Косвенным методом диагностики гидропса является дегидратационный тест. Пациенту выполняют тональную пороговую аудиометрию, затем вводят Глицерол или другой осмотический диуретик и повторяют аудиометрию через 1, 2, 3, 24 и 48 часов. Проба расценивается как положительная, если через 2–3 часа после приема препарата слух улучшается на 10 дБ и более (по крайней мере на двух частотах) или разборчивость речи улучшается не менее чем на 12%.
На сегодняшний день существующие методики объективной диагностики состояния внутреннего уха не позволяют выявлять достоверные признаки БМ, поэтому наиболее распространенные американские диагностические критерии этой патологии (1995 года) основаны преимущественно на клинических проявлениях (представлены в таблице ниже):
Возможная БМ | Вероятная БМ | Достоверная БМ |
|
|
|
Лечение и прогноз
Лечить БМ народными средствами крайне не рекомендуется. Стоит обратиться за консультацией к ЛОРу.

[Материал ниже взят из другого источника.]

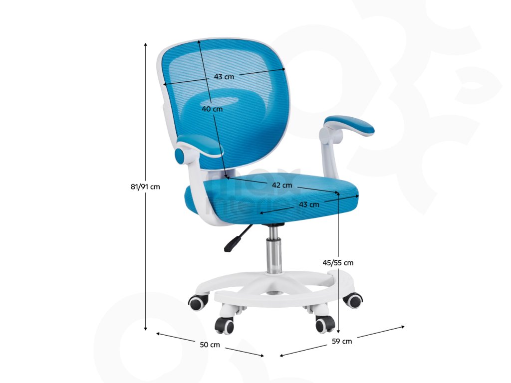 Rozměry: 59x50x81-91 cm, výška sedu nastavitelná 45–55 cm, hloubka sedu 42 cm, šířka sedu 43 cm
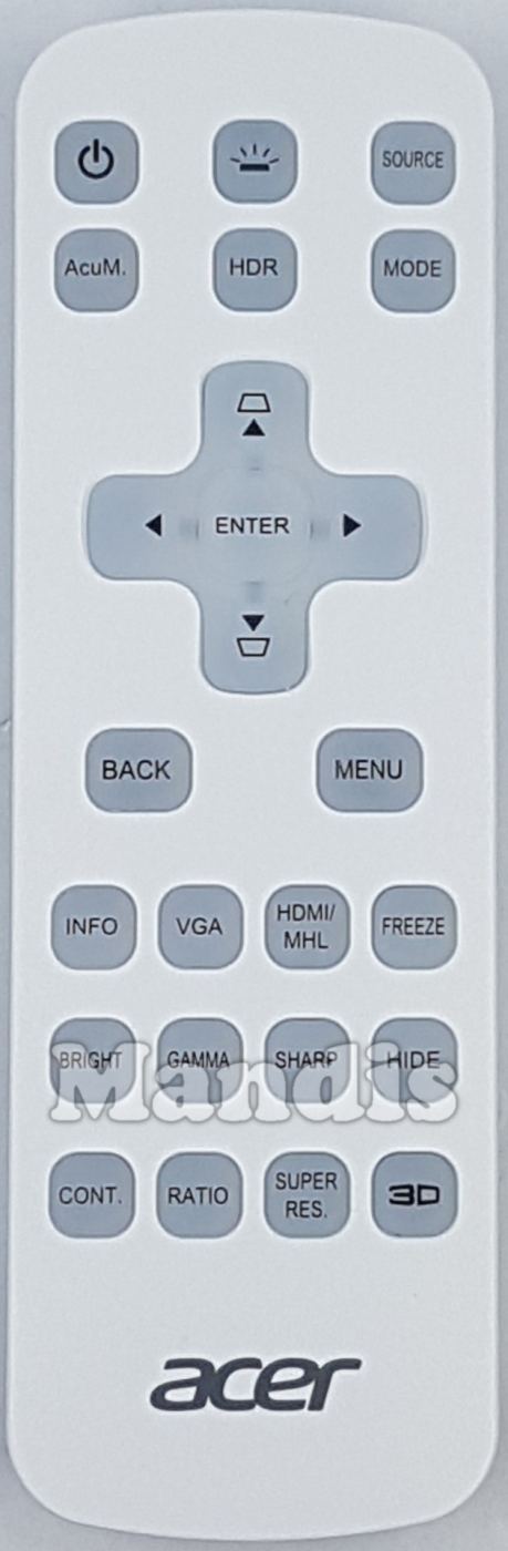 This remote control has the following buttons: Power, Source, AcuM., HDR, Mode, Up, Down, Left, Right, Enter, Back, Menu, Info, VGA, HDMI/MHL, Freeze, Bright, Gamma, Sharp, Hide, Cont., Ratio, Super Res., 3D
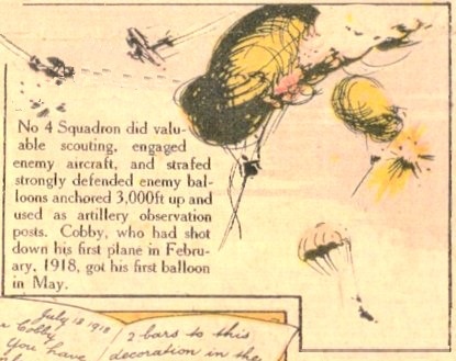 Arriving at Plymouth on 27 March, Cobby was sent to Castle Bromwich for training. After learning to fly Sopwith Camels he arrived in France with 4AFC on 18 December. He shot down his first enemy aircraft on 3 February and by September had shot down 29 aircraft and 13 balloons, becoming the highest scoring ace in the Australian Flying Corps. By the end of the war, Cobby had been awarded the Distinguished Service Order and DFC with two bars, and was Mentioned in Despatches.
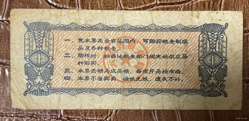 Продуктовые талоны провинции Юньнань 1973 год. Китай. С рубля без МЦ.
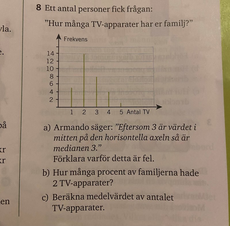 Hur många TV-apparater finns det totalt? Sedan hur många personer svarade? Första stapeln exempelvis säger att 5 personer hade 1 TV-apparat, andra säger att 14 personer hade 2 TV-apparater (28 totalt) osv.
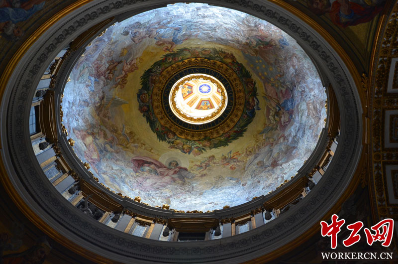 圣伯多禄大教堂内部的精美穹顶。教堂内部装饰华丽,华丽到令人惶恐不安,令人窒息。 中工网记者 秦笑语摄
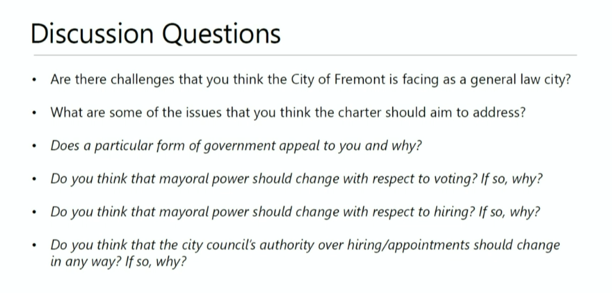 (FREMONT, CA.) – In Fremont’s Charter Advisory Committee’s third meeting on April 6, city staff guides the committee through a set of questions regarding
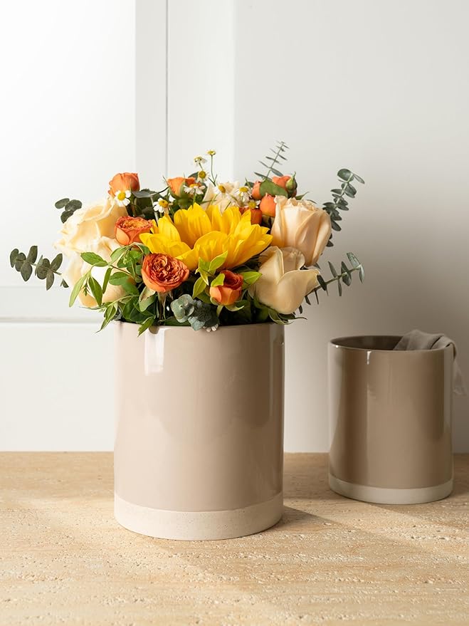 famiware Milkyway Kitchen Utensil Holder for Countertop, 7.2"+5.8" Ceramic Cooking Utensil Crocks for Counter, Utensil Organizer for Spatula & Spoon, Kitchen Decor, Set of 2, Cinnamon Brown
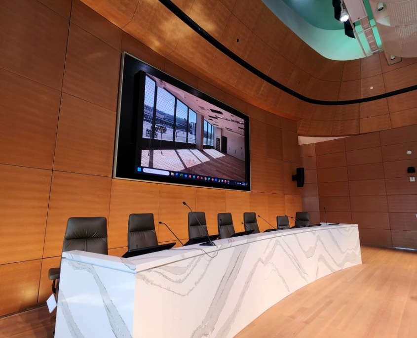 The 5,000-square-foot community theater serves as a performance area and space for the City Council chambers to hold community meetings. The 35,000-square-foot parks and recreation center houses small, medium, and large classrooms, music rooms, and exercise/dance spaces, along with 1.3 acres of developed parkland. The large hub provides a central welcome space for the entire facility, including areas for small lectures, receptions, and galleries.
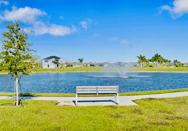 3/2 CBS garage upgraded home, Jemison model, in Central Park. Modern kitchen with a large island; white cabinets with marble countertops & upgraded backsplash, stainless appliances and impressive sized pantry. Upgraded LVP in the main areas & flex. Carpet in primary and 2nd bedroom. 2 car garage, with ceiling mounted storage. Screened patio and fenced yard. Added gutters. Upgrades include electronic window treatments, upgraded light fixtures/switches, whole house water softener system, customized primary closet, surround sound patio and garage, upgraded kitchen cabinet pulls, W/D Aluminum panels for protection from hurricane damage. Low HOA. Split floor plan. Inspiration Park inside Central Park is a 10 acre recreational area. Resort style amenities.
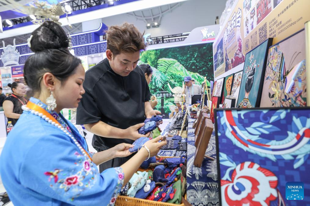 People look at Miao embroidery works during the sixth China International Consumer Products Expo (CICPE) in Haikou, south China's Hainan Province, April 14, 2026. From intangible cultural heritage skills to original IPs with traditional Chinese cultural characteristics, Chinese brands blend tradition with modernity and showcase their charm at the ongoing CICPE, attracting the attention of many visitors. (Xinhua/Zhang Liyun)
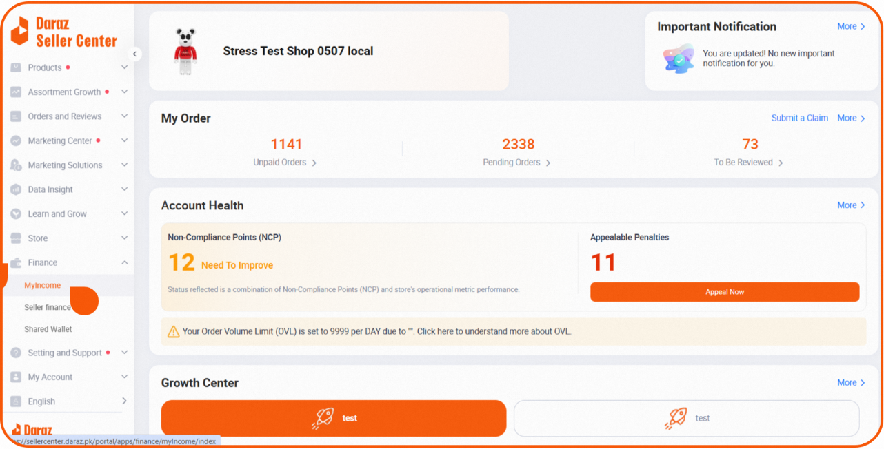 登录商家后台 > 点击左侧导航栏Finance > 下拉菜单中点击MyIncome
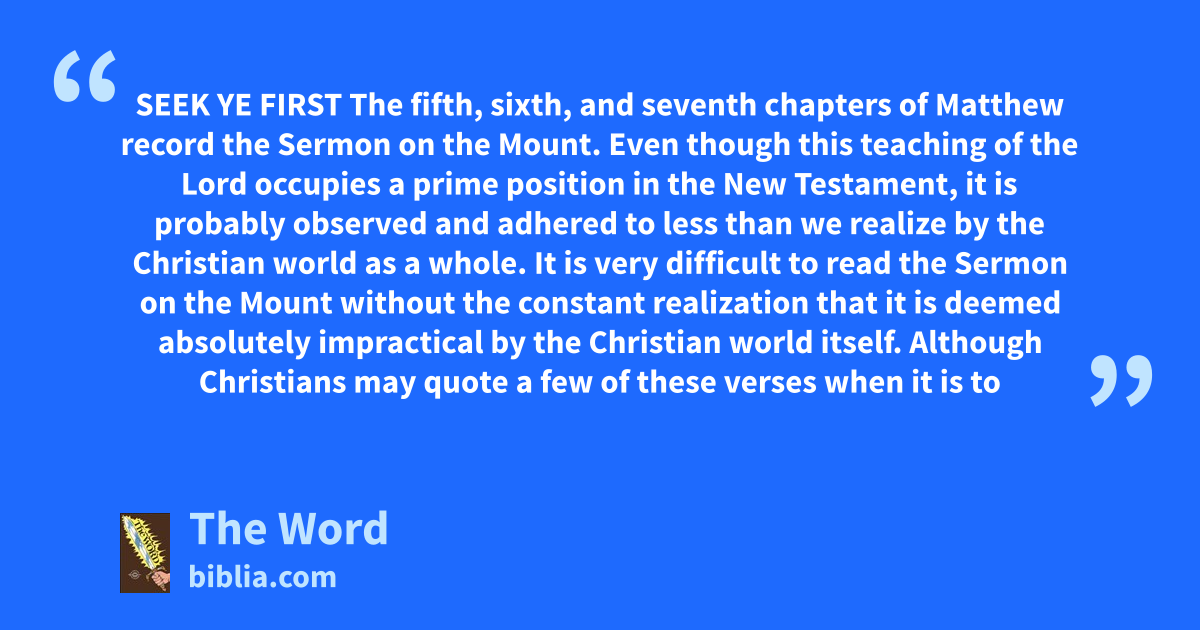 SEEK YE FIRST The fifth, sixth, and seventh chapters of Matthew record the Sermon on the Mount. Even though this teaching of the Lord occupies a prime position in the New Testament, it is probably observed and adhered to less than we realize by the Christian world as a whole. It is very difficult to read the Sermon on the Mount without the constant realization that it is deemed absolutely impractical by the Christian world itself. Although Christians may quote a few of these verses when it is to
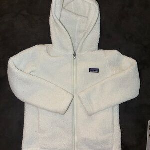 Cozy Patagonia kids sherpa fleece hoodie in a classic cream/ivory color. Soft, warm, and perfect for layering on chilly days. Features a full zip front, attached hood, and roomy front pockets.
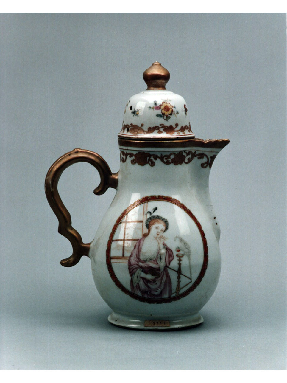 Caffettiera in porcellana dipinta del tipo Famiglia Rosa.
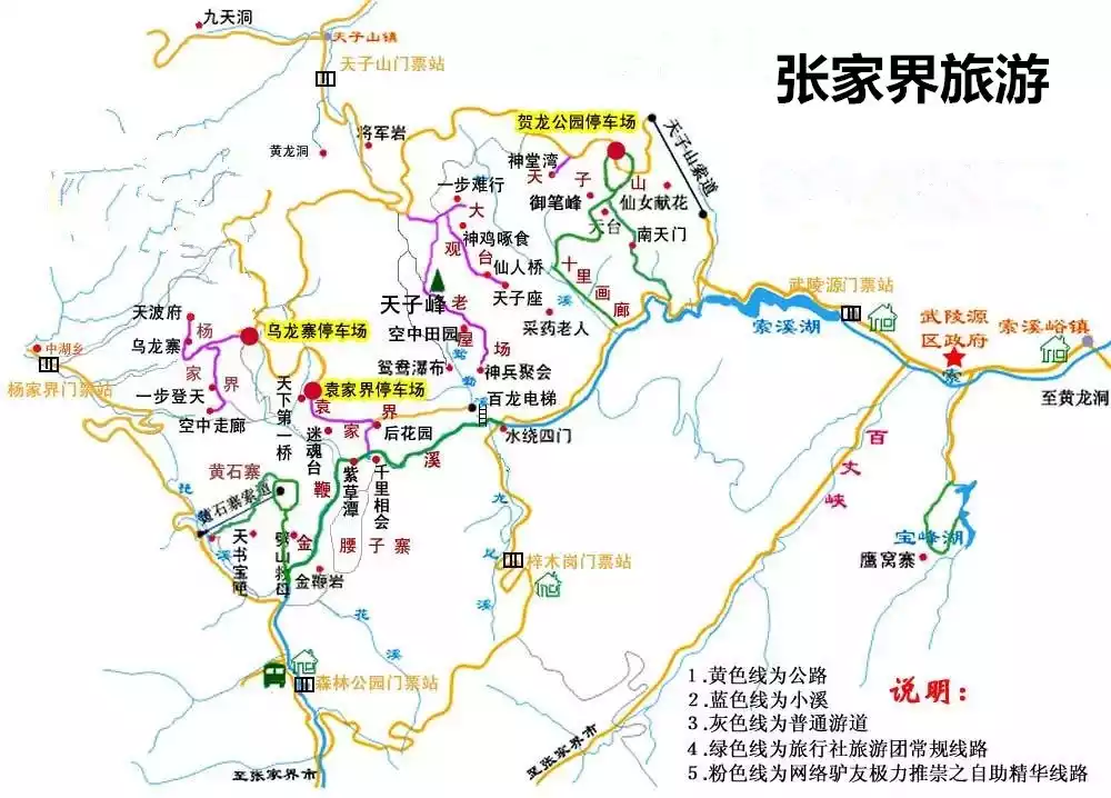 If you look at the picture carefully, you will find that Wulingyuan Scenic Area is also known as Zhangjiajie Forest Park, a must-see scenic area in Zhangjiajie. The attractions in it include Forest Park, Golden Whip Stream, Yuanjiajie, Yangjiajie, Tianzi Mountain, Ten-Li Gallery, etc. You only need to buy one ticket (a pass system, which allows you to visit all attractions in the scenic area, one ticket is valid for four days, and you can ride the eco-friendly car for free. Insurance is voluntary) to visit the above four major scenic areas. You can enter the scenic area from five ticket stations.
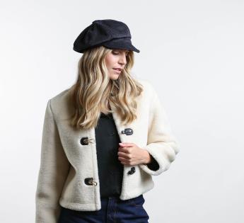 Versatile, it can be worn in different ways: pulled down for a casual style or tilted to the side for a more sophisticated touch. Fleece-lined for optimal comfort, this cap is ideal for cooler seasons, combining vintage charm with modernity.
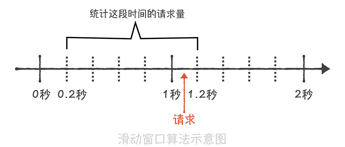 为了解决这个缺陷,就有了基于滑动窗口的算法。 这个算法的原理是将时间的窗口划分为多个小窗口,每个小窗口中都有单独的请求计数。比如下面这张图,我们将 1s 的时间窗口划分为 5 份,每一份就是 200ms;那么当在 1s 和 1.2s 之间来了一次新的请求时,我们就需要统计之前的一秒钟内的请求量,也就是 0.2s~1.2s 这个区间的总请求量,如果请求量超过了限流阈值那么就执行限流策略。

Лечение БМ складывается из двух направлений:
- медикаментозная терапия: устранение приступа головокружения, профилактические мероприятия в период ремиссии;
- хирургическое лечение.
Приступ головокружения устраняют с помощью следующих лекарств:
- дименгидрината (Драмин);
- бензодиазепинов (Диазепам или Лоразепам);
- противорвотных препаратов (Метоклопрамид или Тиэтилперазин).
Профилактика рецидивов БМ включает в себя 3 основных направления:
- бессолевая диета (употребление поваренной соли не более 1–1,5 г в день) с ограничением жидкости;
- длительный прием бетагистина дигидрохлорида (Бетасерк);
- использование диуретиков (Гидрохлортиазид или Ацетазоламид в комбинации с Триамтереном).
Некоторые врачи указывают на эффективное использование глюкокортикоидов (Дексаметазон) в комплексной терапии, которые назначают в виде таблеток или инъекций через шунт или барабанную перепонку.
Если все виды консервативной терапии неэффективны, учащается и усугубляется симптоматика головокружения, а слух для пациента социально значим (например, в связи с работой), тогда можно рекомендовать больному прибегнуть к хирургическому лечению. В данном случае подразумевается использование методик, направленных на сохранение слуха (рассечение эндолимфатического мешка или изолированная лазеродеструкция лабиринта). В случае безрезультативности этих методов, или когда для пациента слух социально не значим, прибегают к другим операциям (химическая лабиринтэктомия аминогликозидами, изолированная вестибулярная нейрэктомия или хирургическая лабиринтэктомия).
Важным компонентом лечения БМ является вестибулярная реабилитация, помогающая пациенту более эффективно адаптироваться к развившимся в результате заболевания дефектам периферического вестибулярного аппарата.
Прогноз у пациентов с этой патологией несильно благоприятный. Это связано с тем, что это дегенеративное заболевание, то есть со временем оно ухудшается. В результате можно потерять слух и заработать инвалидность. Сложно однозначно ответить на вопрос, можно ли нормально жить с этим заболеванием, все зависит от сохранившегося слуха. Как демонстрируют результаты исследований, если БМ была выявлена на ранней стадии и проводятся регулярные комплексные консервативные мероприятия, то прогрессирование симптомов можно остановить у 70-80% пациентов.